Under the leaf litter

Could there be a more glorious name for a fungus than Scurfy Deceiver? The Powdery Piggyback comes a close second maybe, but how can you not have a soft spot for a mushroom that sounds like a ribald Elizabethan insult!

The world of mycology teems with the most evocative of monikers. From the fluorescent Lemon Disco to the cadaverous-looking Dead Man’s Fingers, from bright yellow Sulphur Knights to gelatinous Jelly Babies, shaggy Lion’s Mane to creamy White Saddles. Such is the poetry that goes on largely unnoticed on the forest floor.

Magic mushroom

Apparently it’s been a bumper autumn for the iconic scarlet capped white studded Fly Agaric, called thus for its historic use in luring and killing household flies. In medieval times, the red cap was broken into bowls of milk, attracting flies that would then be stupefied by the chemicals released.

These days the Fly Agaric is still used by herders in Northern Scandinavia to entice stray reindeer back to the herd. The toadstool’s potent mind-bending chemicals – which can lead to euphoria and out of body experiences in humans, as well as muscle spasms and coma – often causes the usually docile animal to leap and cavort about. Which might explain why the Fly Agaric is thought to be the inspiration for the myth of Father Christmas in his cherry red and white tunic flying through the sky accompanied by his reindeer.
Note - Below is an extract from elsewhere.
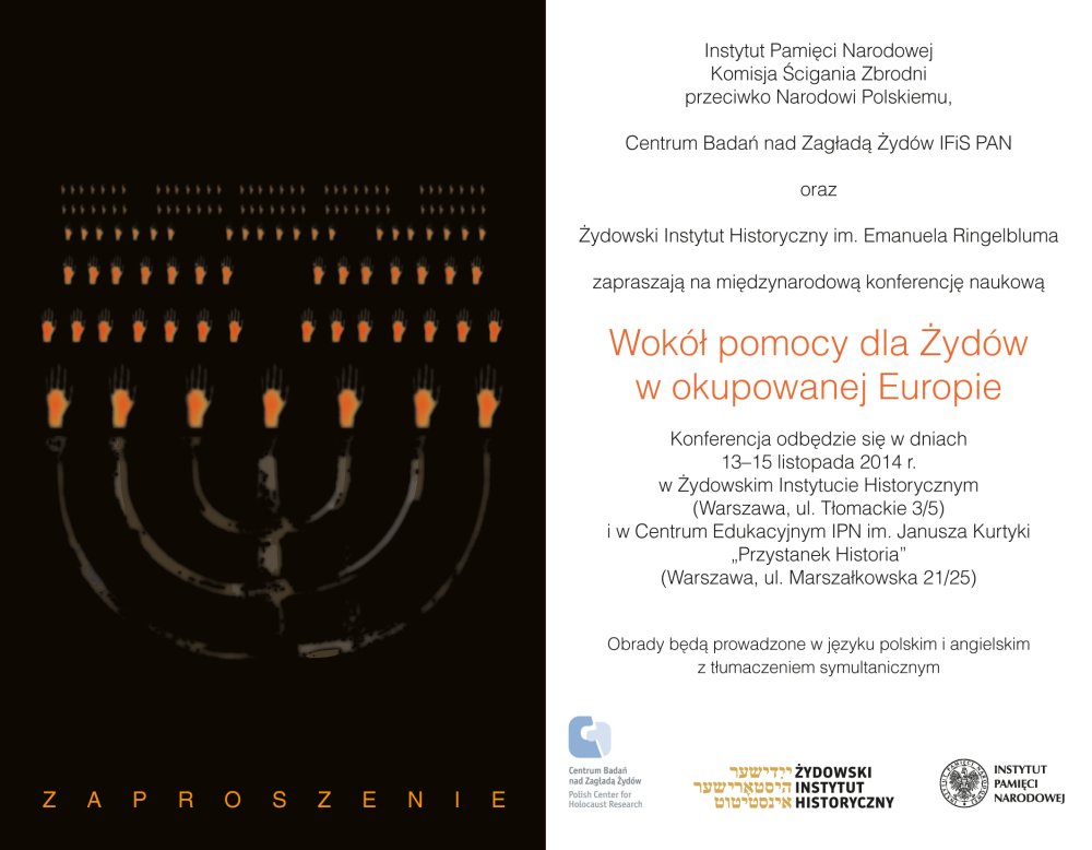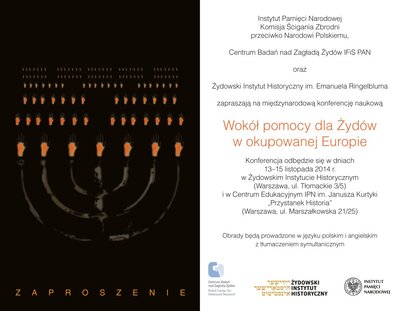 Konferencja odbędzie się w Warszawie w dniach 13–15 listopada 2014 r. w Centrum Edukacyjnym IPN im. Janusza Kurtyki „Przystanek Historia" (ul. Marszałkowska 21/25) oraz w Żydowskim Instytucie Historycznym (ul. Tłomackie 3/5).

In Alice’s Adventures In Wonderland, Alice meets a languid hookah-smoking caterpillar who tells her that the mushroom he is sat upon is the key to her weird and wonderful journey down the rabbit hole. Eating from one side causes her to shrink, eating from the other to shoot up into the sky. Author Lewis Carroll must have had one hell of a trip during the research phase of the book…

To forage or not to forage?

Unless you are supremely confident in your ability to identify edible fungi like Ceps, Chanterelles and Horn of Plenty – which through a glass half empty lens is also known as the Trompette de la Mort – then common sense suggests leaving well alone.
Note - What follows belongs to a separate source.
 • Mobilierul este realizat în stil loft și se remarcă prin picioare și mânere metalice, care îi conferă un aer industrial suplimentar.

With the obligatory health and safety warning out of the way, it’s worth noting that foraging has become a heated issue again of late – London’s Royal Parks have imposed a picking ban on mushrooms and nuts, and advisory notices warning against gathering mushrooms are all over the New Forest.

The right to forage is actually set out in the Charter of the Forest, dating from 1217, so that if you are in a place where you are entitled to be, and which is not specifically protected, you can pick for personal consumption but not for commercial use.
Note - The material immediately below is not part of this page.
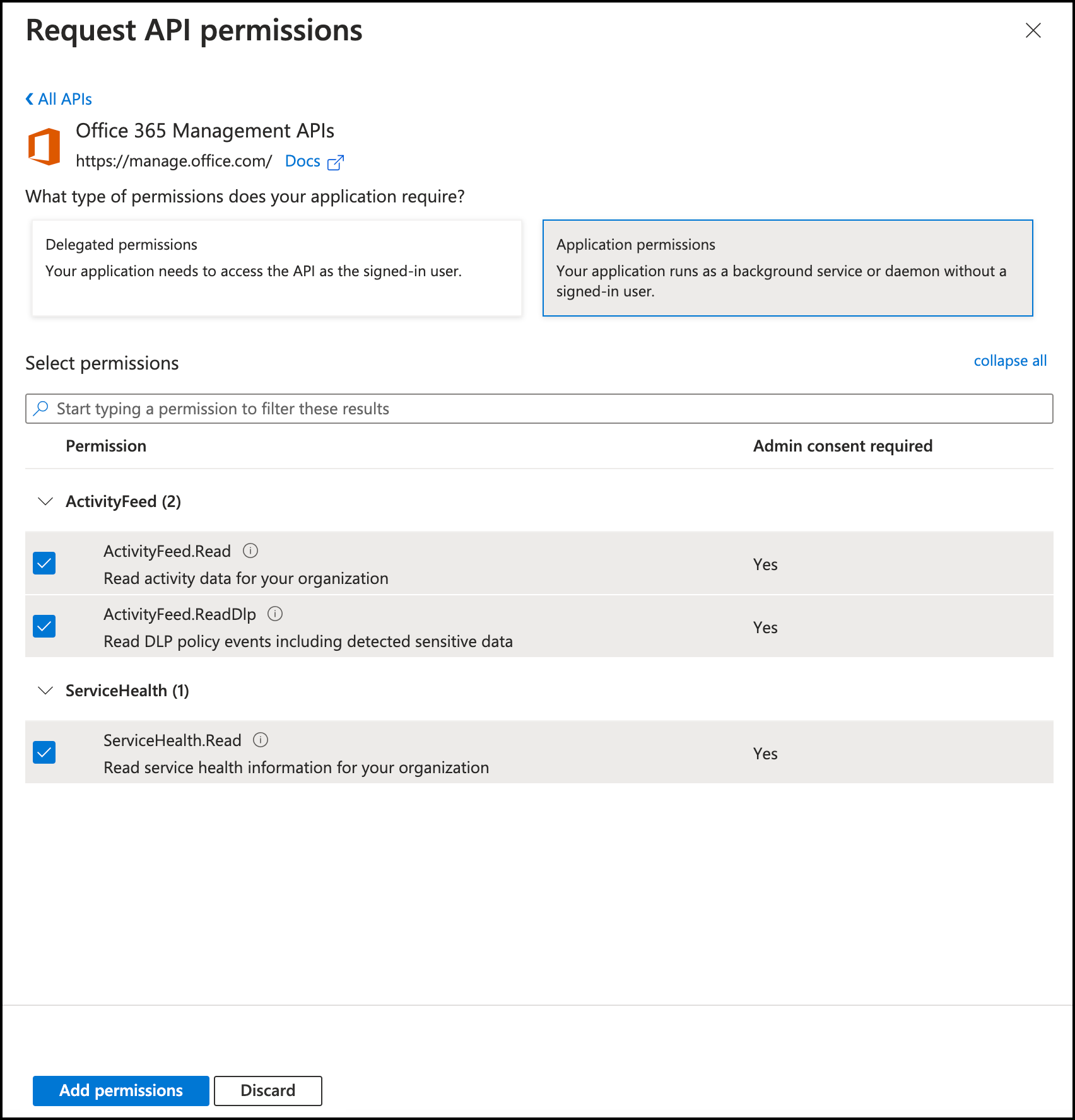 13. Select permissions for ActivityFeed.Read, ActivityFeed.ReadDlp, and ServiceHealth.Read.

Some people argue that picking wild mushrooms means that woods and forests are being ransacked, potentially meaning that animals depending on them for nutrients are going hungry. Certainly many species of tree depend on a biological partnership with fungi that help them to find minerals that they can’t gather alone. Others argue that a mushroom is effectively a fruit with each one producing millions of spores enabling them to reproduce and that you wouldn’t ban blackberry picking.

Whichever side of the argument you come down on, the fungal web plays a crucial role in helping to preserve life on earth. So if you go down to the woods today, keep an eye on any recently fallen branches for slivers of Yellow Brain, deliciously also known as Witches’ Butter – it looks exactly as you’d imagine both a yellow brain and witches’ butter to look!

Photo by Pixabay on Pexels.com

One Comment Add yours

  1. David says:

    Glyn tells me that in their part of the world foraging is an absolute no-no as fruit etc are the property of everyone and therefore no one has a greater right to harvest them than any other – and so they are left to rot. What a waste! (apart from fungi – that’s the best thing to do with them!)